Despite novel findings, the current study should be interpreted in the context of limitations. First, the conclusions here may be biased by the retrospective nature of the current study. Second, all cases here are from the SEER database, and therefore, the conclusion here may be biased if there is any underregistration or miscoding during data proceeding. Third, due to the fact that all the data here are based on the SEER databases and the etiological factors for HNC vary among regions, all the results here merely represent the landscape of the U.S. Thus, cautions are suggested while applying results and conclusion here to regions other than the U.S.
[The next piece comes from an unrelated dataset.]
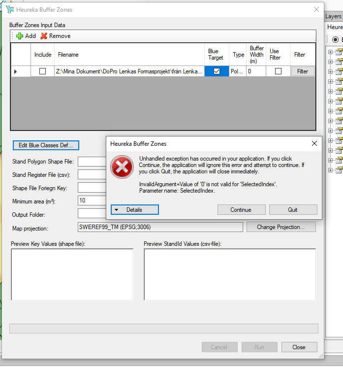 See the end of this message for details on invoking just-in-time (JIT) debugging instead of this dialog box. ************** Exception Text ************** System.ArgumentOutOfRangeException: InvalidArgument=Value of '0' is not valid for 'SelectedIndex'. Parameter name: SelectedIndex at System.Windows.Forms.ComboBox.set_SelectedIndex(Int32 value) at Slu.Heureka.Geoprocessing.UI.Helpers.BlueTargetClassControl.bindData(String currentWidthColname, String currentBlueTargetColName) at Slu.Heureka.Geoprocessing.UI.Helpers.BlueTargetClassDialog..ctor(BlueClassBufferFileItem fileItem) at Slu.Heureka.Geoprocessing.UI.BufferZones.BufferZonesDialog.editBlueClassDefButton_Click(Object sender, EventArgs e) at System.Windows.Forms.Control.OnClick(EventArgs e) at System.Windows.Forms.Button.OnClick(EventArgs e) at System.Windows.Forms.Button.OnMouseUp(MouseEventArgs mevent) at System.Windows.Forms.Control.WmMouseUp(Message& m, MouseButtons button, Int32 clicks) at System.Windows.Forms.Control.WndProc(Message& m) at System.Windows.Forms.ButtonBase.WndProc(Message& m) at System.Windows.Forms.Button.WndProc(Message& m) at System.Windows.Forms.NativeWindow.Callback(IntPtr hWnd, Int32 msg, IntPtr wparam, IntPtr lparam) ************** Loaded Assemblies ************** mscorlib Assembly Version: 4.0.0.0 Win32 Version: 4.8.4084.0 built by: NET48REL1 CodeBase: file:///C:/Windows/Microsoft.NET/Framework64/v4.0.30319/mscorlib.dll ---------------------------------------- PlanWise Assembly Version: 2.21.3.0 Win32 Version: 2.21.3.0 CodeBase: file:///C:/Program%20Files/Heureka%20SLU%2064/PlanWise.exe ---------------------------------------- log4net Assembly Version: 1.2.15.0 Win32 Version: 1.2.15.0 CodeBase: file:///C:/Program%20Files/Heureka%20SLU%2064/log4net.DLL ---------------------------------------- System.Windows.Forms Assembly Version: 4.0.0.0 Win32 Version: 4.8.4084.0 built by: NET48REL1 CodeBase: file:///C:/WINDOWS/Microsoft.Net/assembly/GAC_MSIL/System.Windows.Forms/v4.0_4.0.0.0__b77a5c561934e089/System.Windows.Forms.dll ---------------------------------------- System Assembly Version: 4.0.0.0 Win32 Version: 4.8.4084.0 built by: NET48REL1 CodeBase: file:///C:/WINDOWS/Microsoft.Net/assembly/GAC_MSIL/System/v4.0_4.0.0.0__b77a5c561934e089/System.dll ---------------------------------------- System.Drawing Assembly Version: 4.0.0.0 Win32 Version: 4.8.4084.0 built by: NET48REL1 CodeBase: file:///C:/WINDOWS/Microsoft.Net/assembly/GAC_MSIL/System.Drawing/v4.0_4.0.0.0__b03f5f7f11d50a3a/System.Drawing.dll ---------------------------------------- Slu.Heureka.DomainLayer Assembly Version: 2.21.3.0 Win32 Version: 2.21.3.0 CodeBase: file:///C:/Program%20Files/Heureka%20SLU%2064/Slu.Heureka.DomainLayer.DLL ---------------------------------------- Slu.Heureka.BaseLayer Assembly Version: 2.21.3.0 Win32 Version: 2.21.3.0 CodeBase: file:///C:/Program%20Files/Heureka%20SLU%2064/Slu.Heureka.BaseLayer.DLL ---------------------------------------- Slu.Heureka.ApplicationLayer.Common Assembly Version: 0.0.0.0 Win32 Version: 0.0.0.0 CodeBase: file:///C:/Program%20Files/Heureka%20SLU%2064/Slu.Heureka.ApplicationLayer.Common.DLL ---------------------------------------- DotNetMagic2005 Assembly Version: 5.3.0.0 Win32 Version: 5.3.0.0 CodeBase: file:///C:/Program%20Files/Heureka%20SLU%2064/DotNetMagic2005.DLL ---------------------------------------- System.Xml Assembly Version: 4.0.0.0 Win32 Version: 4.8.4084.0 built by: NET48REL1 CodeBase: file:///C:/WINDOWS/Microsoft.Net/assembly/GAC_MSIL/System.Xml/v4.0_4.0.0.0__b77a5c561934e089/System.Xml.dll ---------------------------------------- System.Configuration Assembly Version: 4.0.0.0 Win32 Version: 4.8.4084.0 built by: NET48REL1 CodeBase: file:///C:/WINDOWS/Microsoft.Net/assembly/GAC_MSIL/System.Configuration/v4.0_4.0.0.0__b03f5f7f11d50a3a/System.Configuration.dll ---------------------------------------- System.Core Assembly Version: 4.0.0.0 Win32 Version: 4.8.4084.0 built by: NET48REL1 CodeBase: file:///C:/WINDOWS/Microsoft.Net/assembly/GAC_MSIL/System.Core/v4.0_4.0.0.0__b77a5c561934e089/System.Core.dll ---------------------------------------- mscorlib.resources Assembly Version: 4.0.0.0 Win32 Version: 4.8.4084.0 built by: NET48REL1 CodeBase: file:///C:/WINDOWS/Microsoft.Net/assembly/GAC_MSIL/mscorlib.resources/v4.0_4.0.0.0_sv_b77a5c561934e089/mscorlib.resources.dll ---------------------------------------- System.Data Assembly Version: 4.0.0.0 Win32 Version: 4.8.4084.0 built by: NET48REL1 CodeBase: file:///C:/WINDOWS/Microsoft.Net/assembly/GAC_64/System.Data/v4.0_4.0.0.0__b77a5c561934e089/System.Data.dll ---------------------------------------- DotSpatial.Controls Assembly Version: 2.0.0.0 Win32 Version: 2.0 CodeBase: file:///C:/Program%20Files/Heureka%20SLU%2064/DotSpatial.Controls.DLL ---------------------------------------- DotSpatial.Data Assembly Version: 2.0.0.0 Win32 Version: 2.0 CodeBase: file:///C:/Program%20Files/Heureka%20SLU%2064/DotSpatial.Data.DLL ---------------------------------------- DotSpatial.Symbology Assembly Version: 2.0.0.0 Win32 Version: 2.0 CodeBase: file:///C:/Program%20Files/Heureka%20SLU%2064/DotSpatial.Symbology.DLL ---------------------------------------- DotSpatial.Projections Assembly Version: 2.0.0.0 Win32 Version: 2.0 CodeBase: file:///C:/Program%20Files/Heureka%20SLU%2064/DotSpatial.Projections.DLL ---------------------------------------- System.ComponentModel.Composition Assembly Version: 4.0.0.0 Win32 Version: 4.8.4084.0 CodeBase: file:///C:/WINDOWS/Microsoft.Net/assembly/GAC_MSIL/System.ComponentModel.Composition/v4.0_4.0.0.0__b77a5c561934e089/System.ComponentModel.Composition.dll ---------------------------------------- DotSpatial.GeoAPI Assembly Version: 1.7.4.0 Win32 Version: 1.7.4.0 CodeBase: file:///C:/Program%20Files/Heureka%20SLU%2064/DotSpatial.GeoAPI.DLL ---------------------------------------- ZedGraph Assembly Version: 5.1.7.430 Win32 Version: 5.1.7.430 CodeBase: file:///C:/Program%20Files/Heureka%20SLU%2064/ZedGraph.DLL ------------------

In conclusion, the current study, on the basis of a population-based database, provides generalizable epidemiological data on the incidence and survival trends of HNC over the past decades. Analyzing the incidence and survival trends and the associated disparities may help predict future trends, design healthcare policy to better balance these disparities, and ultimately improve the clinical management of HNC.
Acknowledgments
We thank all the staff that contributes to the development and maintenance of the SEER database.
Data Availability
All the data in the current study are publicly available in the Surveillance, Epidemiology, and End Results database (https://seer.cancer.gov/).
Conflicts of Interest
The authors declare no competing financial interests.
Authors' Contributions
Kangwen Guo is responsible for the study design; Kangwen Guo, Weiliang Xiao, Xinggui Chen, and Zhenying Zhao for collecting data; Kangwen Guo, Weiliang Xiao, Xinggui Chen, and Zhenying Zhao for the statistics; Kangwen Guo, Weiliang Xiao, Yuanxiong Lin, and Ge Chen for the manuscript drafting; and Yuanxiong Lin and Ge Chen for the manuscript polishing; Kangwen Guo, Weiliang Xiao, and Xinggui Chen contributed equally to this work.
Supplementary Materials
Supplementary figure 1: trends in overall survival by Kaplan-Meier survival analyses for head and neck cancer patients in SEER nine registries over past four decades in all cases (A), by races (C, E, G), and by age groups (B, D, F, H). Supplementary figure 2: trends in overall survival by Kaplan-Meier survival analyses for head and neck cancer patients in SEER nine registries over past four decades by sexes (A, B), by socioeconomic status (C, E, G), and by stages (D, F, H).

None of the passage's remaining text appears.